In a best case scenario, we would have polls of voters. Then we could capture simple-seeming things that our data has no idea of: How charismatic is a candidate? Are they well organized? Have they been running ads? Polls are what FiveThirtyEight uses, and why they get such good predictions. Of course, noboday actually publicly polls the 203 PA State House races.
In a worst case scenario, we would have to use only data from prior elections. This would leave us completely unable to predict large swings in public sentiment, and we would have to expand our uncertainty to capture the full range of election-level random effects (aka the way that all races are correlated from year to year). Imagine trying to predict the 2018 election using only the 2016 and 2014 results, without any data from 2018 that signaled Something Is Different. We would need to produce predictions capable of saying both “maybe this year is like 2010” and “maybe this year is like 2006”.

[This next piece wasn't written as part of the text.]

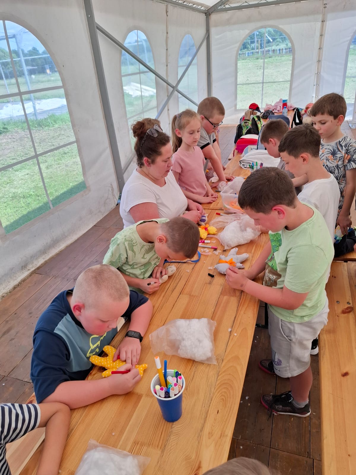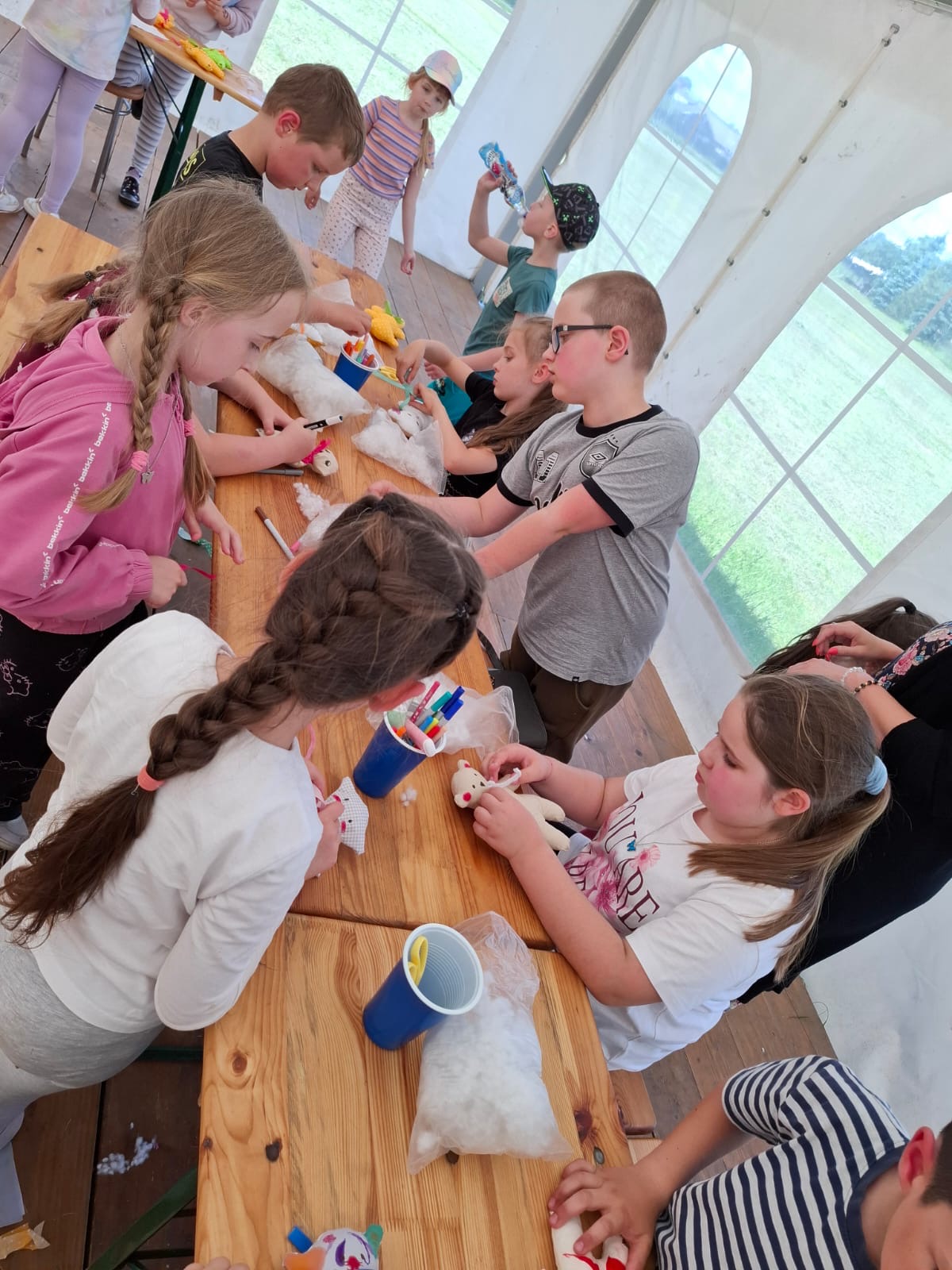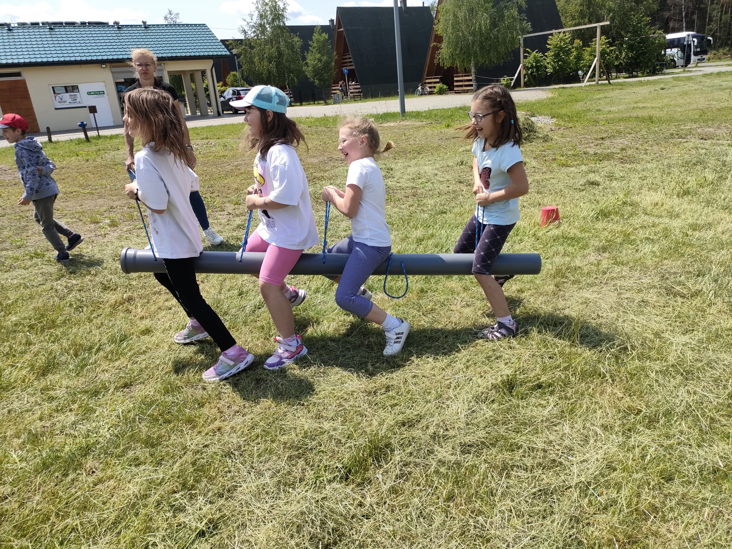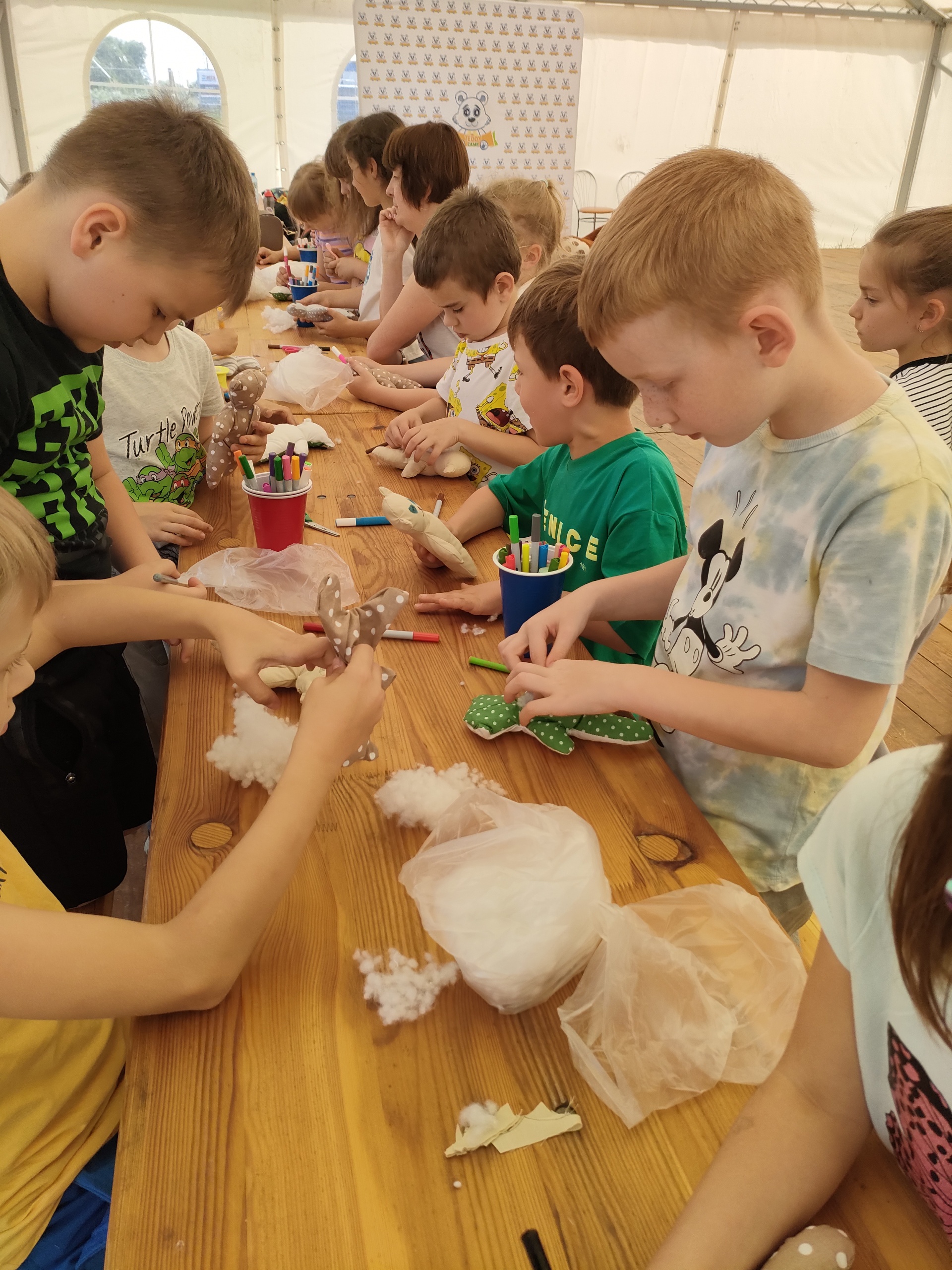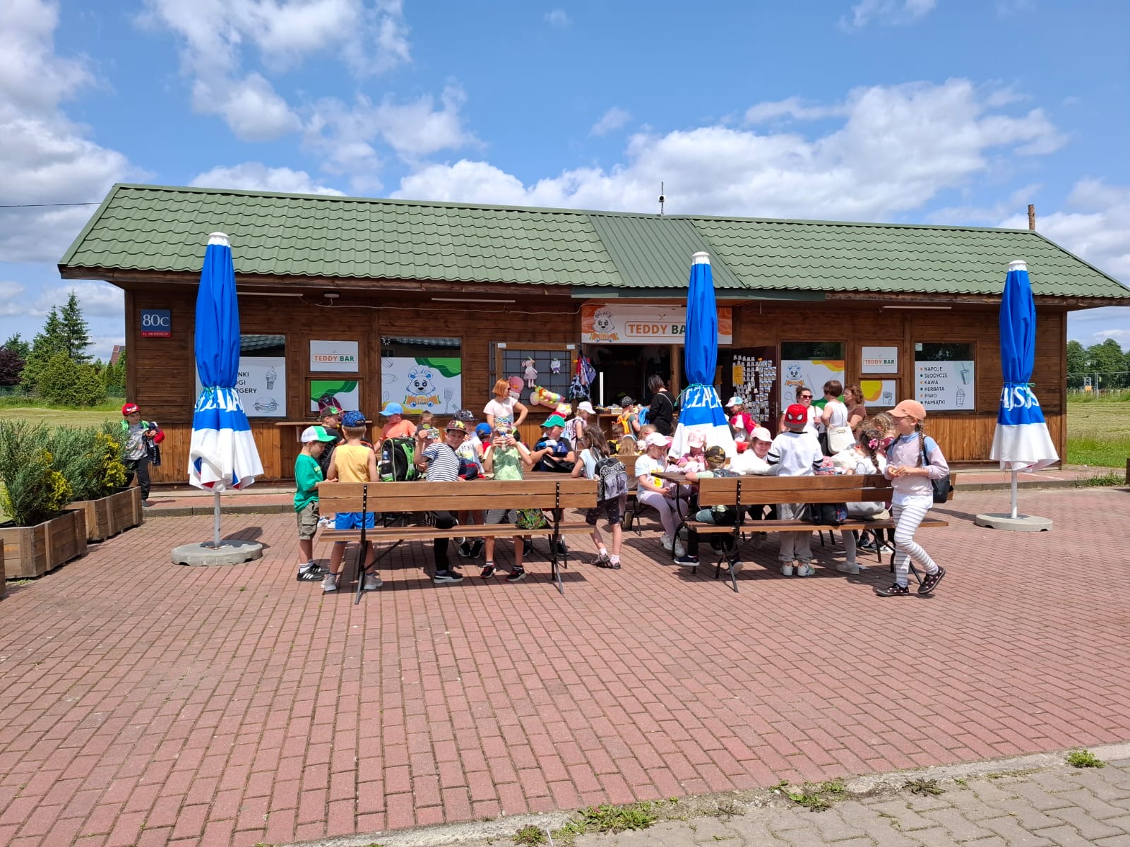 “Misiowe szaleństwo” – pod takim hasłem przebiegała wycieczka. Miejsce, a także tematyka warsztatów nie były przypadkowe. To tutaj, w miejscowości Cieszanów, miał siedzibę Zakład Produkcyjny Zabawek Miękkich, tzw. „Misie” i funkcjonował od lat 60. do 90. XX wieku. Podczas warsztatów nasi milusińscy mogli stworzyć z drobną pomocą własnego misia, którego zabrali ze sobą do domu. Następnie uczniowie wzięli udział w detektywistycznej grze wielowątkowej: “Kto ukradł misia?”, polegającej na zdobywaniu informacji w celu wskazania złodzieja. Zabawa wymagała działania zespołowego, logicznego myślenia oraz przebiegłości. Na zakończenie odbył się “Dziesięciobój twardzieli”, czyli turniej sportowo-integracyjny, wymagający współpracy, kondycji, celności i sprytu.

Luckily, we are somewhere in between. While we don’t have polling on this year’s State House races, we do have polling on the US Congressional races. To the extent that USC races are correlated with STH races (probably a lot), we can use the USC polls to estimate the overall tenor of the race. Better yet, we don’t have to actually use polling data itself, because FiveThirtyEight has already translated them into predicted votes. _sunglassesemoji_ Here’s the plan: model the results in a State House race as a function of past results in that district along with the US Congress results in that year:
\[ \begin{align*} sth_{yr} =& \beta_0 + \beta_1 sth_{y-1,r} + \beta_2 incumbent\_is\_dem_{yr} + \beta_3 sth_{y-1,r} * incumbent\_is\_dem_{yr} \\ &+ \beta_4 usc_{y,usc(r)} + \beta_5 usc_{y,PA} + \beta_6 uspgov_{y-1, r} + \beta_7 uspgov_{y, PA} + \beta_8 uspgov_{y-1, PA} + \epsilon_{yr} \end{align*} \] where \(incumbent\_is\_dem\) is \(1\) if the democratic candidate is an incumbent, \(-1\) if the republican is, and \(0\) otherwise; \(usc(r)\) is the result in the entire USC district that race \(r\) belongs to (as opposed to just in the precinct); the subscript \(PA\) represents the state-wide results; and \(uspgov\) is the result of either the USP or the GOV race, whichever occurred that year.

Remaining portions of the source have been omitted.